Your answer must be an exact transcription of the data, with every picture omitted.

## DATA SEGMENT
====================
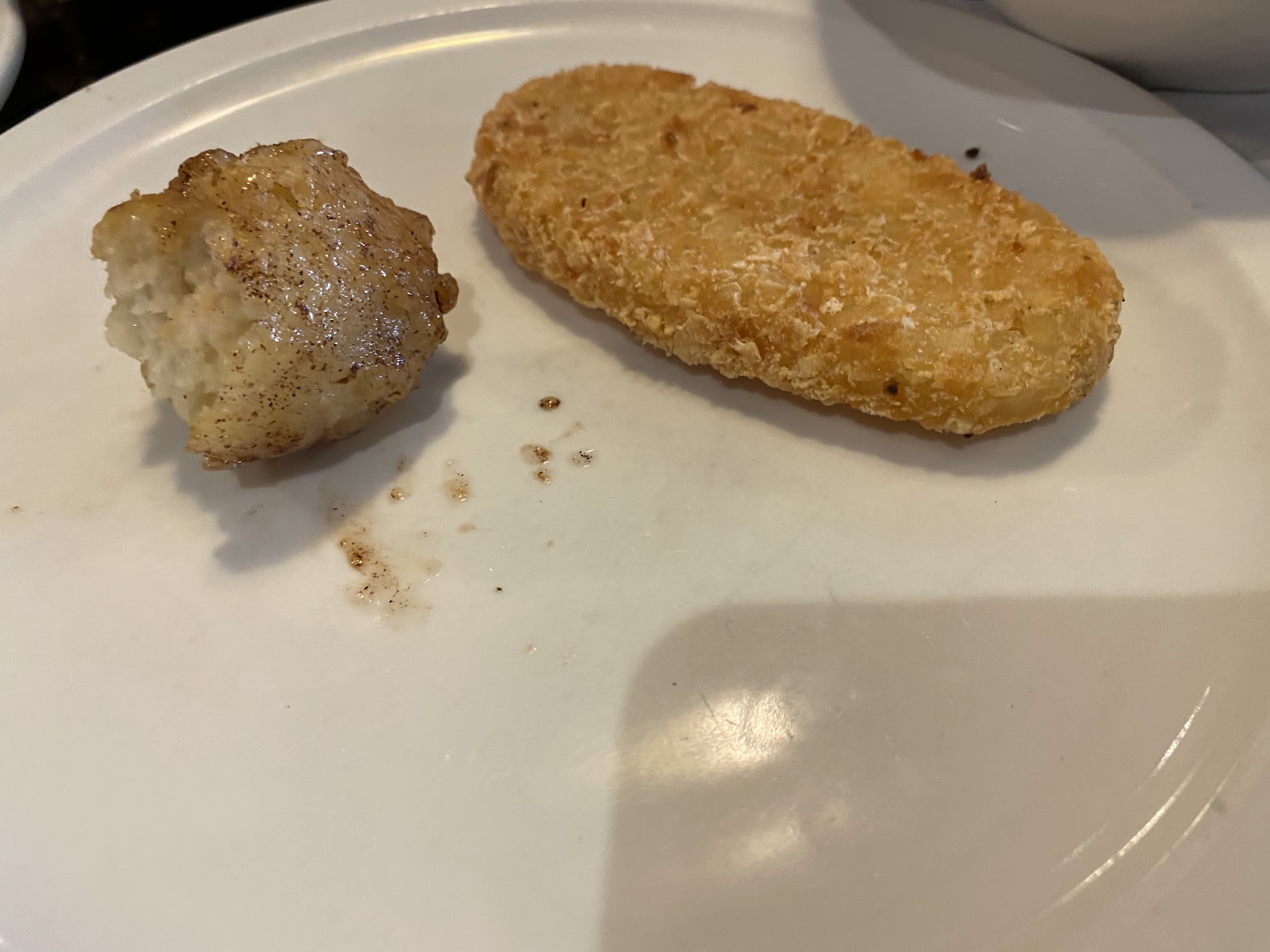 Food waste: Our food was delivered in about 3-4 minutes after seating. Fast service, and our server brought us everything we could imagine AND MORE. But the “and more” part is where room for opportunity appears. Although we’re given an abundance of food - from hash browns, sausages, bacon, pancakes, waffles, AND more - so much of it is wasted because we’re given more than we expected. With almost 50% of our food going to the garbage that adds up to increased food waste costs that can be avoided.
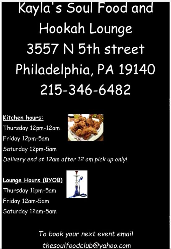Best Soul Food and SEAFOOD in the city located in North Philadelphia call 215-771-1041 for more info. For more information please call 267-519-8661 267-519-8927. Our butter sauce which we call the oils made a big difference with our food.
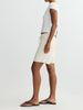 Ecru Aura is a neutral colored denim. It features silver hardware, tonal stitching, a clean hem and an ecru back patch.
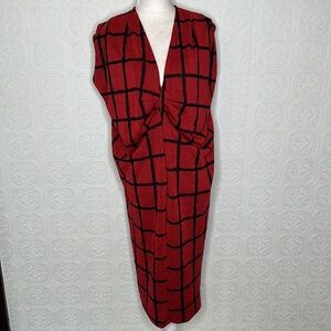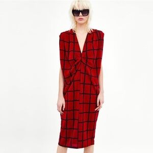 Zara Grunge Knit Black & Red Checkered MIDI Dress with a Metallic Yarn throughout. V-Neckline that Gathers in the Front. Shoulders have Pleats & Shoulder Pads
====================
## TASK OUTPUT
 Food waste: Our food was delivered in about 3-4 minutes after seating. Fast service, and our server brought us everything we could imagine AND MORE. But the “and more” part is where room for opportunity appears. Although we’re given an abundance of food - from hash browns, sausages, bacon, pancakes, waffles, AND more - so much of it is wasted because we’re given more than we expected. With almost 50% of our food going to the garbage that adds up to increased food waste costs that can be avoided.
Best Soul Food and SEAFOOD in the city located in North Philadelphia call 215-771-1041 for more info. For more information please call 267-519-8661 267-519-8927. Our butter sauce which we call the oils made a big difference with our food.
 Ecru Aura is a neutral colored denim. It features silver hardware, tonal stitching, a clean hem and an ecru back patch.
 Zara Grunge Knit Black & Red Checkered MIDI Dress with a Metallic Yarn throughout. V-Neckline that Gathers in the Front. Shoulders have Pleats & Shoulder Pads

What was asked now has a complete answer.